First, when the waveforms of spikes in different neurons overlap in time, the recorded (summed) voltage waveform differs from the waveform produced by either cell alone, potentially causing spikes from both cells to be missed in the spike sorting procedure and leading to an underestimate of synchronized firing events. To test for this possibility, the following control procedure was performed. 30 minutes of data was sampled from a pairwise-adjacent model fitted to recorded data. Then artifacts were introduced that mimicked the hypothetical spike sorting bias. In a first test, roughly 5% of pairwise synchronous events between adjacent neurons were removed. In a second test, 5% of triplet synchronous events between adjacent neurons were removed. A new pairwise-adjacent model was then fitted to and compared with the altered data sets. In both manipulations, no systematic biases were found in the three statistics of interest () and the model accounted for 99.3, 99.6 and 99.6% of the failures of statistical independence. Thus, artifacts associated with the spike sorting procedure are unlikely to entirely account for the observed failures of the model.

Second, to assess whether the failures were attributable to non-stationarity or finite counting statistics, the accuracy of the model was compared to that of a second firing pattern distribution (*P*_{emp}) which consists of the firing probabilities estimated directly from an independent period of recording from the same neurons. The accuracy of *P*_{emp} as a model for *P*_{obs} reveals the reproducibility of the experiment. *P*_{emp} always accounted for at least 99.5% of the deviations from statistical independence. Thus, the failures of the model cannot be explained entirely by counting statistics or non-stationarity of the recordings.

Third, the possibility of systematic deviations between the model and data were examined in more detail (, bottom rows). In 11 of the 12 preparations examined, the model did not systematically overpredict or under-predict any of the three statistics examined. In one preparation (), the model over-predicted the frequency of large firing patterns but not small ones, and the over-prediction grew systematically with size of the firing pattern. Thus, although the results were not entirely consistent across data sets, systematic deviations could not explain the failures of the model in all data sets.

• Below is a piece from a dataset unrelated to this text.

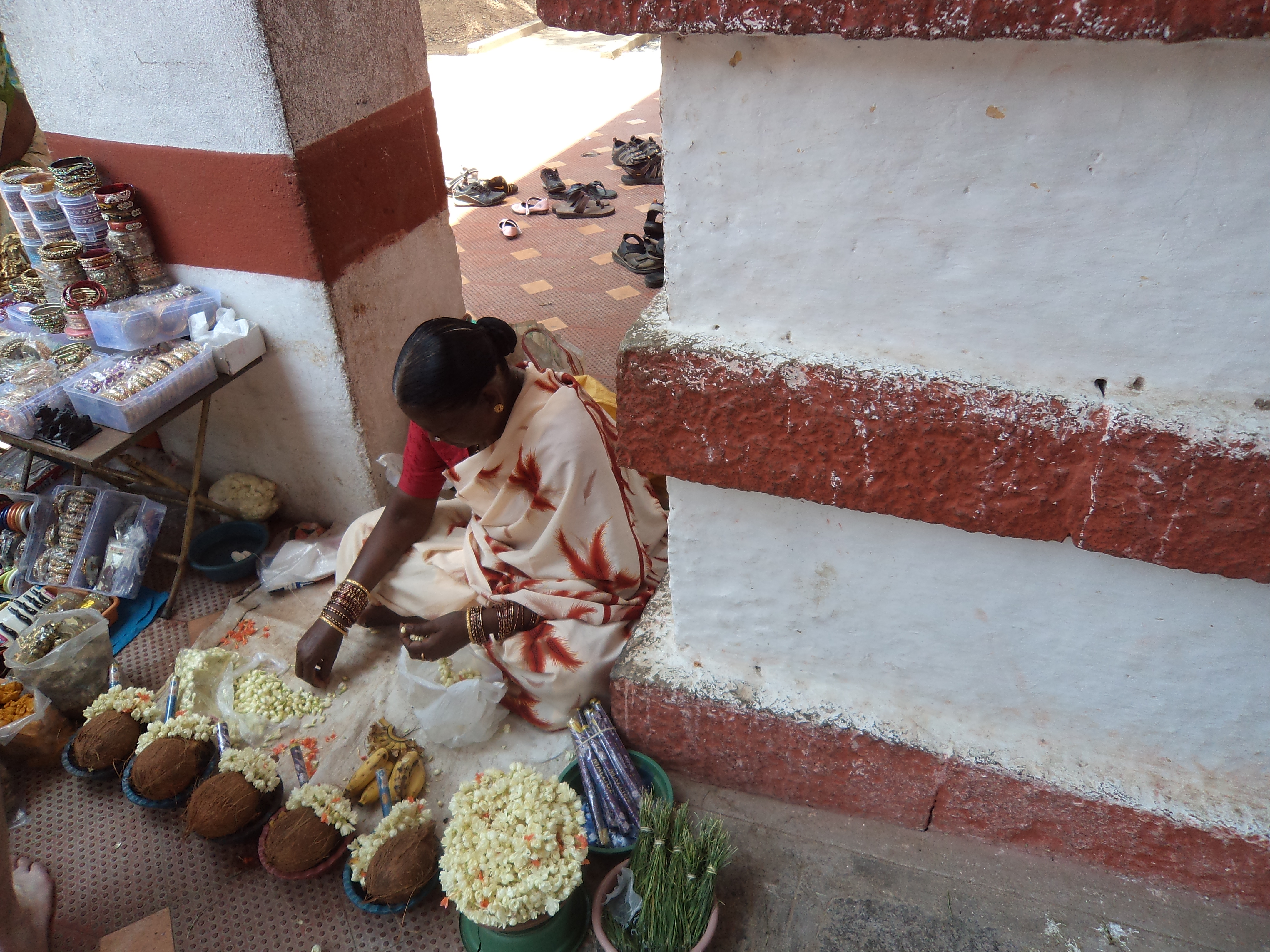 A flower vendor at a temple door step. Typically seen tying garlands out of flowers and thread. These flowers are sold to devootees visiting temple, who in turn offer these flowers to the diety of the temple.

Finally, a potential source of the discrepancy between data and model is an implicit assumption that was made about the temporal structure of the data: that the sequential time samples from the recording are independent observations. This assumption does not take into account interactions over time in the firing of cells. A notable temporal interaction is action potential refractoriness, which reduces the probability that a neuron will generate a spike for a period of several milliseconds after the occurrence of a spike. For temporal interactions to have a significant effect on the results, the distribution of firing statistics must depend substantially on the pattern of activity in preceding time samples. To test this, time samples were divided into two groups: those for which the preceding time sample contained more than the median number of neurons firing, and those for which the preceding time sample contained fewer than the median. Each of the three statistics was then examined separately for the two groups of firing patterns. The effect of the preceding time sample was large. For example, in the preparation in , the Kullback-Leibler divergence between the full distribution of numbers of neurons firing and the group with high and low preceding firing was 1.74e-4 and 1.30e-4 bits/neuron respectively. These values represent 2.4% and 3.2% of the magnitude of the departures from statistical independence in the data, respectively. Similar departures were observed for the other statistics examined. Thus, the effect of temporal interactions on the measured firing pattern statistics was potentially large enough to account for the observed failures of the model.